Data provided »
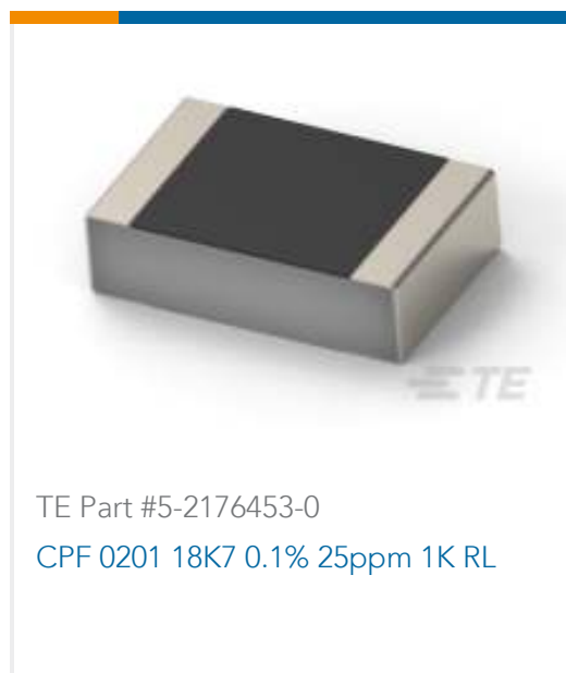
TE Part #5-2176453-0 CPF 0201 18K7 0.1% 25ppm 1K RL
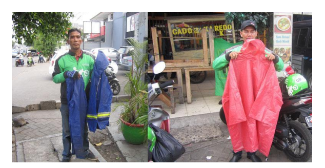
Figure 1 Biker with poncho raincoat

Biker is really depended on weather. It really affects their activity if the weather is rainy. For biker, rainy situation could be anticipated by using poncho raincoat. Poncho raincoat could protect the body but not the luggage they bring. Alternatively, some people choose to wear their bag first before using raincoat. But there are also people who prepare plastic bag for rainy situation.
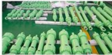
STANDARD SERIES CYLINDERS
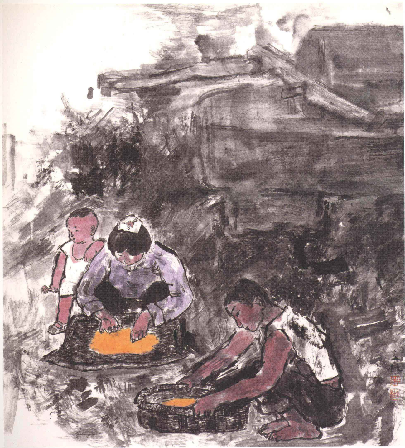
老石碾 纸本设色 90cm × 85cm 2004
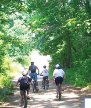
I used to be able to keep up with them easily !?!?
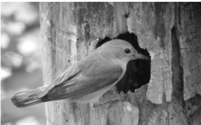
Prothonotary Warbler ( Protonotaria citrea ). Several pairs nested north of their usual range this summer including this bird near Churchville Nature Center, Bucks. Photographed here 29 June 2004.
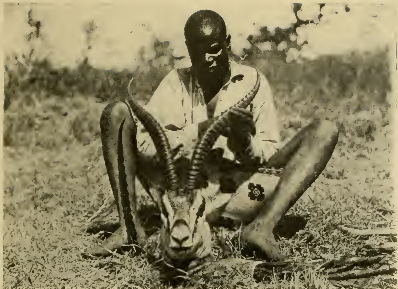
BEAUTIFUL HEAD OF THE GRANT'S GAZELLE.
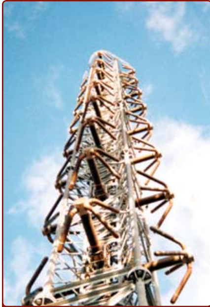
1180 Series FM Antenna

Problem to work on » Copy the entries exactly. Leave out the images.

Problem solution »
TE Part #5-2176453-0 CPF 0201 18K7 0.1% 25ppm 1K RL
Figure 1 Biker with poncho raincoat

Biker is really depended on weather. It really affects their activity if the weather is rainy. For biker, rainy situation could be anticipated by using poncho raincoat. Poncho raincoat could protect the body but not the luggage they bring. Alternatively, some people choose to wear their bag first before using raincoat. But there are also people who prepare plastic bag for rainy situation.
STANDARD SERIES CYLINDERS
老石碾 纸本设色 90cm × 85cm 2004
I used to be able to keep up with them easily !?!?
Prothonotary Warbler ( Protonotaria citrea ). Several pairs nested north of their usual range this summer including this bird near Churchville Nature Center, Bucks. Photographed here 29 June 2004.
BEAUTIFUL HEAD OF THE GRANT'S GAZELLE.
1180 Series FM Antenna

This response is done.